*EXERCISE OBJECTIVE*
Find the word "Women" in the data. Return every line where it appears.

--------------------

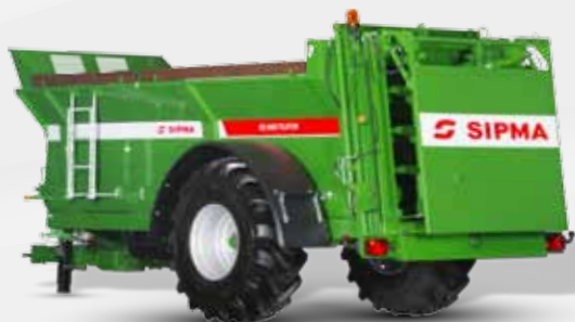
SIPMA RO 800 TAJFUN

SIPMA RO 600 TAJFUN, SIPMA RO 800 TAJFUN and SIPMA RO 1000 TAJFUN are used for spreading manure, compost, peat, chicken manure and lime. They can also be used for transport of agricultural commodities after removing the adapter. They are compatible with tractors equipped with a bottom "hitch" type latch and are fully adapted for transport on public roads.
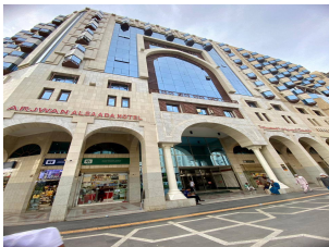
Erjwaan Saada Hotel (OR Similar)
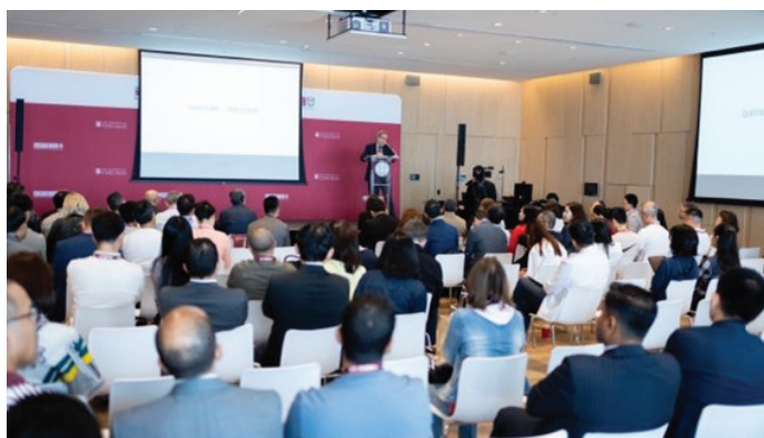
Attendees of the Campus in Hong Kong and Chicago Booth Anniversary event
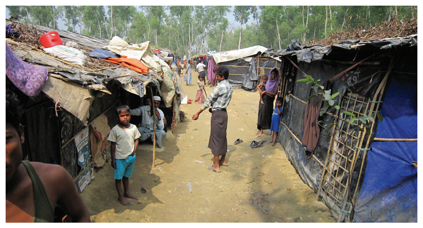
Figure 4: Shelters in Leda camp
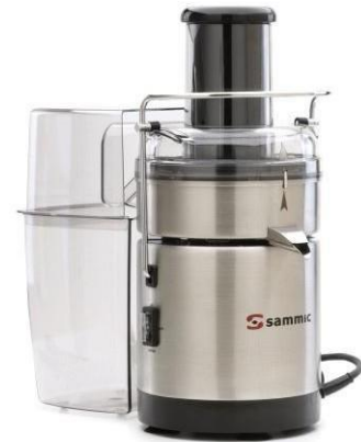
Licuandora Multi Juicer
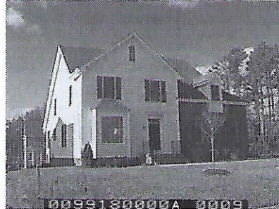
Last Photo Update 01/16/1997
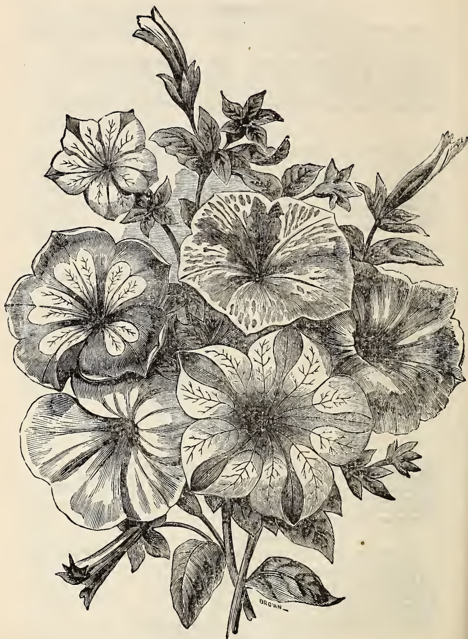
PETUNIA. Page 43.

--------------------

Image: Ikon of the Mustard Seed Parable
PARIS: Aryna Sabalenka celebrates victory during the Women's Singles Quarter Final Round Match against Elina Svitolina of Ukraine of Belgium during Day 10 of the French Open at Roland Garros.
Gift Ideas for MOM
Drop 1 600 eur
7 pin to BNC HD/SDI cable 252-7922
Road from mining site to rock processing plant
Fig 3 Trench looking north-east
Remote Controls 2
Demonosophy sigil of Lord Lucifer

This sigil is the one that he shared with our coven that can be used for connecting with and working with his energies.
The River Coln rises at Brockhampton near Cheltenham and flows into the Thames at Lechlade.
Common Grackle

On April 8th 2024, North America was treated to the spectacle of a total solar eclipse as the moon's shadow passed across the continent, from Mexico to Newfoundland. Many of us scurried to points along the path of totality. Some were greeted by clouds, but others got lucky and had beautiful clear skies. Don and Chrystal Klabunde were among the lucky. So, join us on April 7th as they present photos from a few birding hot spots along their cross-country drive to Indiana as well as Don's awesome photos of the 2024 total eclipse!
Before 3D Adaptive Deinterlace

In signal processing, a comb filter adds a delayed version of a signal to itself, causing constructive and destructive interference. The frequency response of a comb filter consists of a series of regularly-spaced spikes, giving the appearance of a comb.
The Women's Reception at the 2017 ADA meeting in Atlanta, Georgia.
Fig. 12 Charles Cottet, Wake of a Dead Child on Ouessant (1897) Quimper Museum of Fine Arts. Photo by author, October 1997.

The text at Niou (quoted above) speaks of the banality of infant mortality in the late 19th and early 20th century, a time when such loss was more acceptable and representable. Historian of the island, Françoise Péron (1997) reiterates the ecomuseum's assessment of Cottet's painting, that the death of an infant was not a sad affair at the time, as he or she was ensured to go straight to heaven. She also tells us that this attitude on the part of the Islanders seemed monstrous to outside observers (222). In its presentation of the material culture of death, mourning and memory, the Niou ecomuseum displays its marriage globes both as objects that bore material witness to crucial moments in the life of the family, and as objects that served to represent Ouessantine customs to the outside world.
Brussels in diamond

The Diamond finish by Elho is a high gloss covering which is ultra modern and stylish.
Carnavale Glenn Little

--------------------

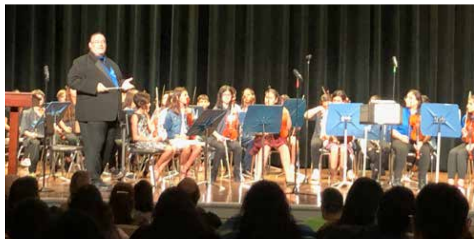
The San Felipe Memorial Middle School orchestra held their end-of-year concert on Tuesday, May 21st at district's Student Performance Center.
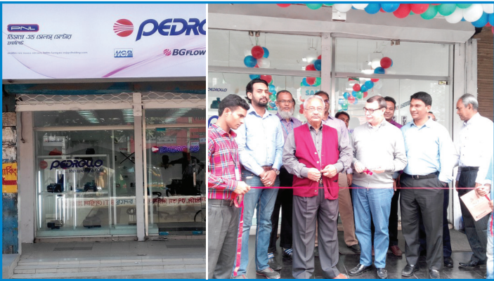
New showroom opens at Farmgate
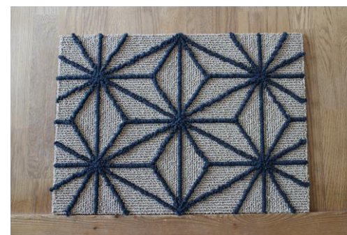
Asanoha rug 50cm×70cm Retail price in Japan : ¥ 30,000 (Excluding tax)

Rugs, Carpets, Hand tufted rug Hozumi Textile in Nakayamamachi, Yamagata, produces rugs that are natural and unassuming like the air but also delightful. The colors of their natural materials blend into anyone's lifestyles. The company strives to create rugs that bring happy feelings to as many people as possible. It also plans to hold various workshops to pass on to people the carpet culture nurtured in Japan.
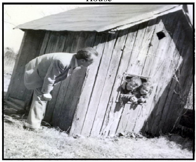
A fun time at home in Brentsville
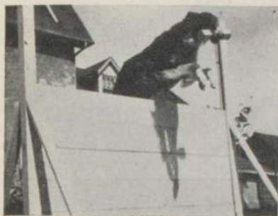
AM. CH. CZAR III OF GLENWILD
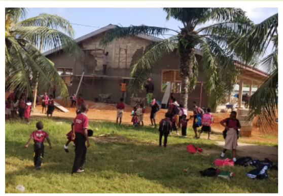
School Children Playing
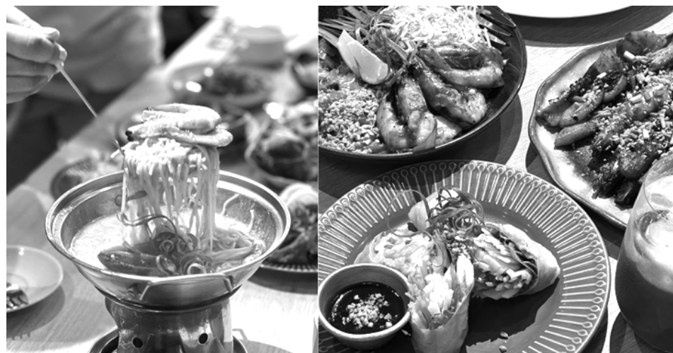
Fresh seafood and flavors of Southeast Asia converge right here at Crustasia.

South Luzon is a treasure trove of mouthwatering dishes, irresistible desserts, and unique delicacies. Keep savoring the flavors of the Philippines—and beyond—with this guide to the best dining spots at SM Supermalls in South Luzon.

--------------------

*OUTPUT FOR THIS EXERCISE*
PARIS: Aryna Sabalenka celebrates victory during the Women's Singles Quarter Final Round Match against Elina Svitolina of Ukraine of Belgium during Day 10 of the French Open at Roland Garros.
The Women's Reception at the 2017 ADA meeting in Atlanta, Georgia.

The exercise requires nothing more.